The Security of Southern Asia
L’ombre de la Chine s’étend sur l’Asie du Sud. À peine les puissances coloniales évincées, Grande-Bretagne, France, Pays-Bas et Japon, la Chine s’est manifestée. Faute de résistance indigène, les États-Unis ont dû accourir pour d’abord former un barrage, et enfin fournir des hommes pour le défendre en Corée et au Vietnam sud.
L’argument de D.E. Kennedy, Professeur à l’Université de Melbourne est clair : « L’Asie du Sud est dominée par la masse de la République populaire chinoise. Celle-ci est déterminée à affirmer son hégémonie sur ces régions qui, traditionnellement, payaient un tribut à la Chine Impériale, et son idéologie la pousse à hâter l’avènement de la révolution communiste mondiale. » Ainsi la diplomatie chinoise serait animée par deux motivations : l’une traditionnelle et l’autre révolutionnaire.
Selon Kennedy, cette partie du monde constitue une région qui, du fait même de son inorganisation politique et de la faiblesse de ses nouveaux États, invite les puissances étrangères à cette zone à intervenir. L’époque coloniale close – elle va de l’arrivée de Vasco de Gama au départ des Français d’Indochine – s’ouvre une ère nouvelle, et les chancelleries doivent y faire face en ne pouvant se référer à une tradition quelconque. Devant cette situation « nouvelle », des solutions originales doivent être inventées. Selon l’auteur, une différence cardinale existait entre l’Europe et l’Asie après la Seconde Guerre mondiale. Le continent européen a su s’opposer victorieusement aux visées communistes non seulement par l’Otan, mais par la renaissance même des anciennes puissances européennes. Par contre, dans l’Asie du Sud les nouveaux pays n’ont pas su, derrière le bouclier de l’Organisation du Traité de l’Asie du Sud-Est (Otase), se fortifier. Aucun équilibre naturel et politique, aucun équilibre des puissances ne s’est institué, et la coopération entre les États asiatiques est pratiquement inexistante. Seule une barrière militaire – fragile puisque conçue par l’étranger – a été érigée pour isoler Taïwan d’abord puis pour protéger les États frontaliers. Même en dehors de toute volonté d’agression, la Chine, par ses seules dimensions, son rayonnement culturel et politique dans le passé, l’intelligence et l’ardeur au travail de ses habitants, altère désormais l’ordre des choses en cette Asie méridionale. De plus, la disparition du Japon comme puissance militaire – sur l’insistance du général Douglas Mac Arthur – a renforcé cette puissance chinoise, au moment où les États-Unis s’employèrent à créer le vide autour de la Chine renaissante.

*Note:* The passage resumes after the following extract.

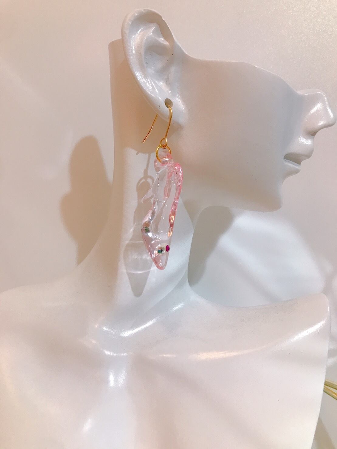 ピンククリアのシンデレラの靴デザインのピアスです。

Quelle solution alors imaginer, puisque dans l’arsenal d’hier il n’y a aucune arme ? Une alliance militaire et un cordon de bases sur le continent même, en Corée, au Viet-Nam, au Siam et à Singapour ? c’est la solution continentale… Ou une résistance sur le pourtour de l’Asie : au Japon, dans les îles Riou-Kiou, aux Philippines et en Australie ? c’est la solution navale et aérienne… Mais ce sont des variantes d’application du cordon sanitaire imaginé par le président Truman deux jours après l’ouverture des hostilités en Corée, ce n’est pas là réponse politique permanente (1).
L’étude des intérêts des différentes puissances extérieures à cet espace politique (États-Unis, Grande-Bretagne) – celle des intérêts des puissances asiatiques (zone de l’Inde, de l’Indochine, du complexe philippo-indo-malaisien, de l’Australie-Nouvelle-Zélande) sont instructives parce que révélant des points de vue souvent ignorés. L’analyse des moyens employés par l’URSS et la Chine et celle des différentes parades à la subversion aux Philippines, en Malaisie, et au Viet-Nam mérite de retenir l’attention.
Le chapitre consacré à un « système de défense indigène » répondant aux trois degrés de menace mérite d’être médité. Les analystes de la situation de l’Asie du Sud-Est s’efforcent rarement de dégager des vues constructives ; Kennedy s’y emploie. Quels pourraient être les rôles des pays directement intéressés ? Quels pourraient être ceux d’une Inde (hier neutraliste) et d’un Japon (pour l’instant neutralisé) ? L’auteur estime qu’il est temps de s’interroger sur ces questions pour créer des conditions d’équilibre dans cette Asie menacée par une confrontation majeure. Une telle étude est à porter au crédit de l’Institut pour les Études stratégiques de Londres. On regrettera simplement l’absence d’une cartographie moderne qui aurait illustré la pensée de l’auteur. ♦
(1) Voir la série d’études publiées dans Asia-a handbook sous la direction de Guy Wint (A. Blond, Londres, 1965 ; 856 pages) ouvrage Indispensable à la connaissance de l’Asie moderne.